Required action:
Go through the material under this sentence. Return every line holding "with".

Given records:
──────────

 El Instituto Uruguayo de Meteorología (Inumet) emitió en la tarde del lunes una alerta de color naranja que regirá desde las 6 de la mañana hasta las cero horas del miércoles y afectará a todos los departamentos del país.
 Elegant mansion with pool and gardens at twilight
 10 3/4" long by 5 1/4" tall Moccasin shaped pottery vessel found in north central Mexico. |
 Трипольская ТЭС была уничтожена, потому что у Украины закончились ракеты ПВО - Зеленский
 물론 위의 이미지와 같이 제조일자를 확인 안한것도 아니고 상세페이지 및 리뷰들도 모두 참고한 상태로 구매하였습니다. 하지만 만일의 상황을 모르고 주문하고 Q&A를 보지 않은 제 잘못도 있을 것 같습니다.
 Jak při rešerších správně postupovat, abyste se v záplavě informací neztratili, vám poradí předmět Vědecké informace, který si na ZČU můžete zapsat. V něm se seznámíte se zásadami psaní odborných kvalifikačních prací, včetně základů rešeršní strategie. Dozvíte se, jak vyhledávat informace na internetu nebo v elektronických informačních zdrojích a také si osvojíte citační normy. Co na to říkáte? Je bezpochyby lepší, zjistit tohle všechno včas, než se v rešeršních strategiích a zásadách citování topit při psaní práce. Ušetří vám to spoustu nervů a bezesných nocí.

──────────

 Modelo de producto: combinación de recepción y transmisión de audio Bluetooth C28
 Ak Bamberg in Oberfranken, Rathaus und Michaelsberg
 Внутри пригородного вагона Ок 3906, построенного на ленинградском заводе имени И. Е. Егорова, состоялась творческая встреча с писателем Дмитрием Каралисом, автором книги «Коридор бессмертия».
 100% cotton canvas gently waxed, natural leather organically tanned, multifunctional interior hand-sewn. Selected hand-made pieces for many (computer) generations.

──────────

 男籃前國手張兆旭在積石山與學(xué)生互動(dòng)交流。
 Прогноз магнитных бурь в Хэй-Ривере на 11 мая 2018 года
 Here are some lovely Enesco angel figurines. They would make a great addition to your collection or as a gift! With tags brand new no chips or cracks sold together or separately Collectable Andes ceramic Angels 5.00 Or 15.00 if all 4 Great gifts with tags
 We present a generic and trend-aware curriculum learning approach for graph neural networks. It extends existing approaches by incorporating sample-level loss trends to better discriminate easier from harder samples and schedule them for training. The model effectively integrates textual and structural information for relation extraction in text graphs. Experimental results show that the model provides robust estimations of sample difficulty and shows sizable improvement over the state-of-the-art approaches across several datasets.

──────────

Answer section:
 Elegant mansion with pool and gardens at twilight
 Here are some lovely Enesco angel figurines. They would make a great addition to your collection or as a gift! With tags brand new no chips or cracks sold together or separately Collectable Andes ceramic Angels 5.00 Or 15.00 if all 4 Great gifts with tags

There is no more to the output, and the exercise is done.